━━━ Data below ━━━

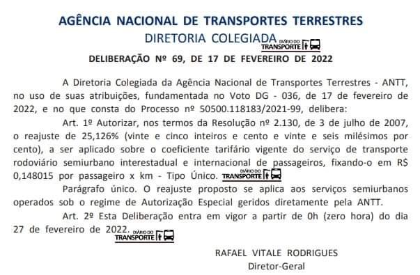 A ANTT (Agência Nacional de Transportes Terrestres) publicou nesta sexta-feira, 18 de fevereiro de 2022, no Diário Oficial da União, a Deliberação 69 que autoriza o reajuste de 25,126 % nas tarifas de ônibus semiurbanos de linhas interestaduais e internacionais operadas por meio de autorização especial.
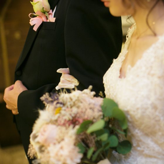 コーディネートはくすみカラーをテーマにドライフラワーをたくさん使用しました。
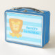 Niedlich orangefarbener Cartoon Löwe mit leuchtenden Streifen für Hintergrund. Für alle, die Lieben Löwen oder geboren unter dem Horoskop Leo. Eine köstliche Lunchbox für junge Jungen, die zur Schule kommen!
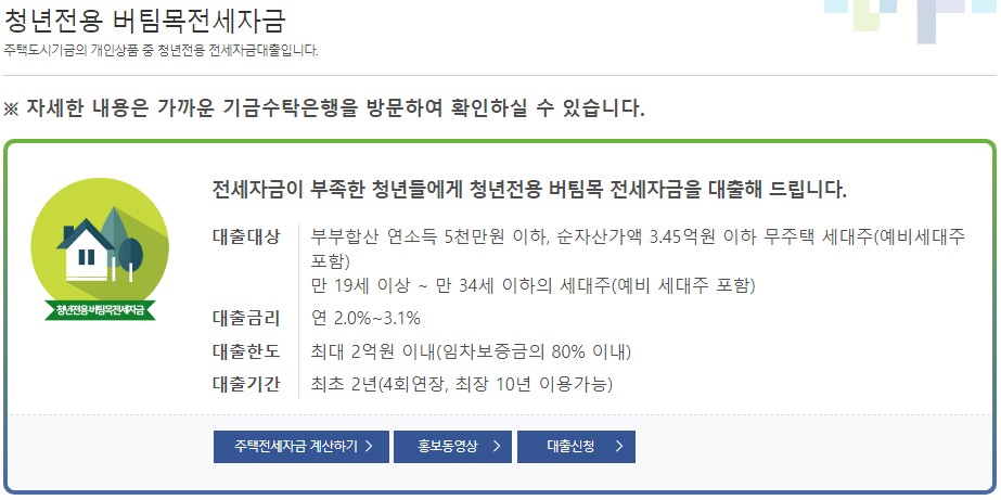 대출금리 1%까지 가능한 버팀목 전세자금대출 조건 (청년전용 )

━━━

Leave out the pictures and output the rest of the material exactly as written.

Answer for this exercise
 A ANTT (Agência Nacional de Transportes Terrestres) publicou nesta sexta-feira, 18 de fevereiro de 2022, no Diário Oficial da União, a Deliberação 69 que autoriza o reajuste de 25,126 % nas tarifas de ônibus semiurbanos de linhas interestaduais e internacionais operadas por meio de autorização especial.
 コーディネートはくすみカラーをテーマにドライフラワーをたくさん使用しました。
 Niedlich orangefarbener Cartoon Löwe mit leuchtenden Streifen für Hintergrund. Für alle, die Lieben Löwen oder geboren unter dem Horoskop Leo. Eine köstliche Lunchbox für junge Jungen, die zur Schule kommen!
 대출금리 1%까지 가능한 버팀목 전세자금대출 조건 (청년전용 )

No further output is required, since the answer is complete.